骨格標本のようなものに好かれてしまった。
大きさは幼児くらいだったが大人がそのまま子供サイズになったようなパーツのバランスで、関節の一つ一つが作り込まれていているそれは血肉もないのにカシャカシャと動き回り、たまたま側を通り掛かった私の後を着いて来るようになった。

骸骨は見ている分には好きだが、動き回り追い掛けてくるような骨格標本は流石に気味が悪いので猛ダッシュで逃げる。
走る事は出来ないのか或いは身体の大きさに差があるからか、みるみる内に距離は開き、互いに姿が見えなくなる頃には遥か後方から子供が泣くような声が聞こえた。

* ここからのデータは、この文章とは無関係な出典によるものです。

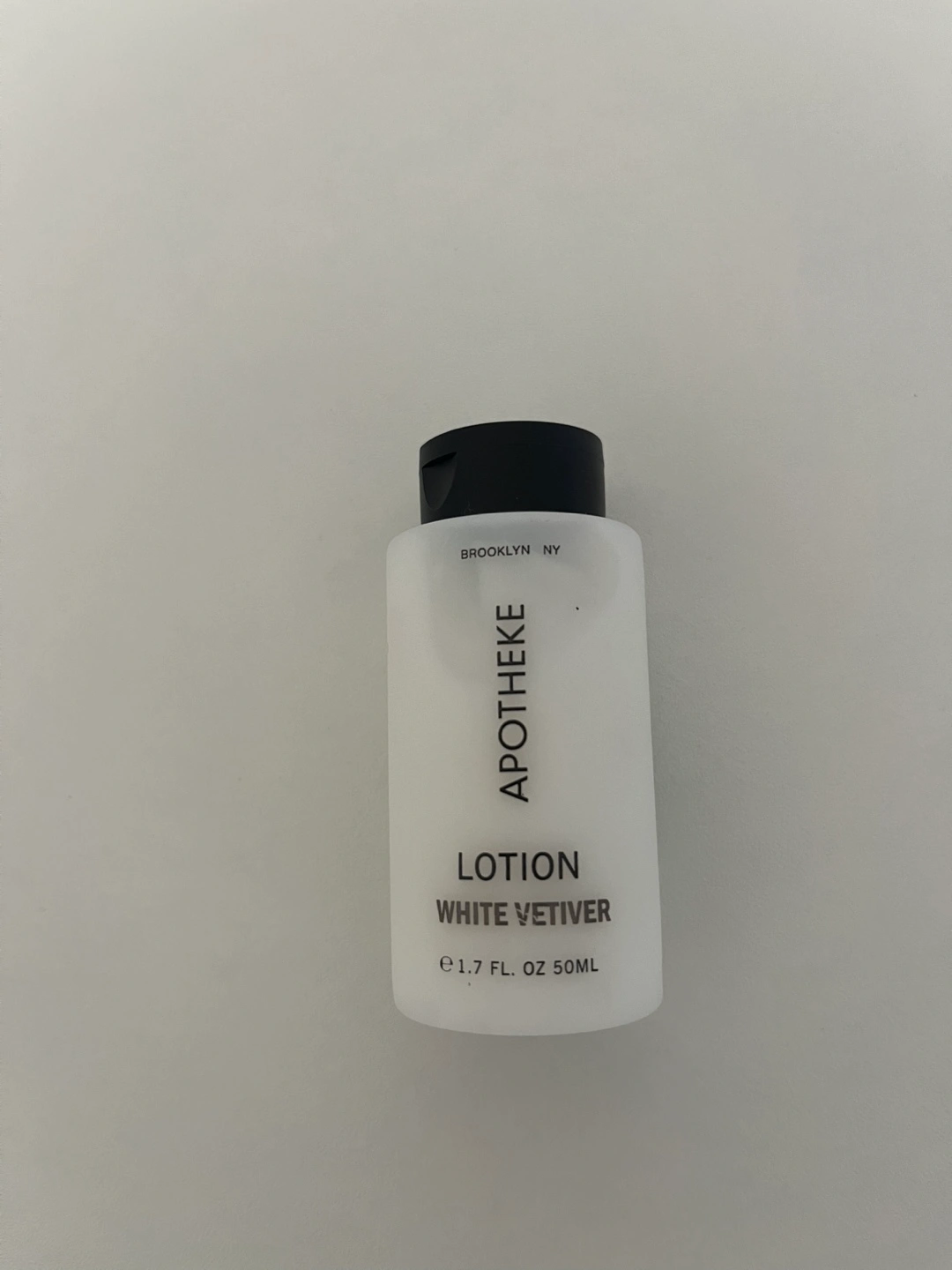 Apotheke lotion, White Vetiver scent. 50ml bottle. Brooklyn, NY.
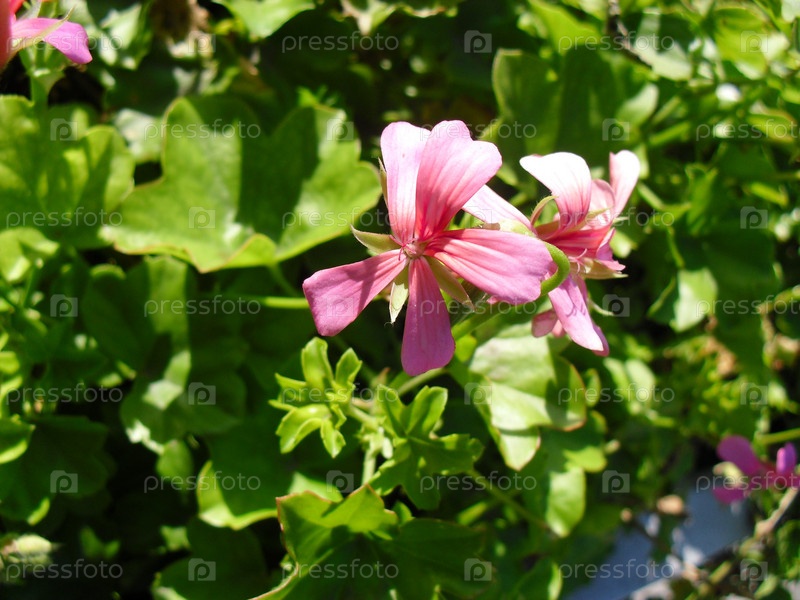 Розовые цветы на клумбе

無事に家に着くと念の為、ドアに鍵を掛け自分の部屋に閉じ籠った。取り敢えず、今日をやり過ごせば何とかなる筈だ。
そう自分に云い聞かせ、息を殺していると家のドアがノックされた。

一瞬にして全身に寒気が走る。

まさか、もう追い付いたのだろうか?
それ以前に何故私の家が分かったのだろうか?

身体の震えを抑え、部屋の隅で固まっていると『開けて、開けて』と何処かで聞いた子供の声がし、ドアを叩く音が更に大きくなった。


トントントントン

ドンドンドンドン

ガンガンガンガンガンガンガンガンガンガンガンガンガンガンガンガンガンガンガンガンガンガンガンガンガンガンガンガン



最初はただのノック音だったのが、無視をすればするほど大きく乱暴になっていき、こちらへ呼び掛ける声は子供の声から男の声へと次第に変わっていった。



ガンッ!



それが延々と続いて暫くすると一際大きな音が聞こえ、それきりドアが叩かれる事は無かった。



長い静寂に安堵し、顔を上げるといつの間にか日が明けていたらしく、閉め切っていたカーテンの僅かな隙間から黄金色の光が射し込んでいた。
外からは通行人が行き交う音や車のエンジン音がし、何とか乗り切れたと確信した私は家のドアを開けた。

あれほど叩かれていたドアには傷一つ無い。
その代わり、玄関周りには無数の白い破片が散らばっていた。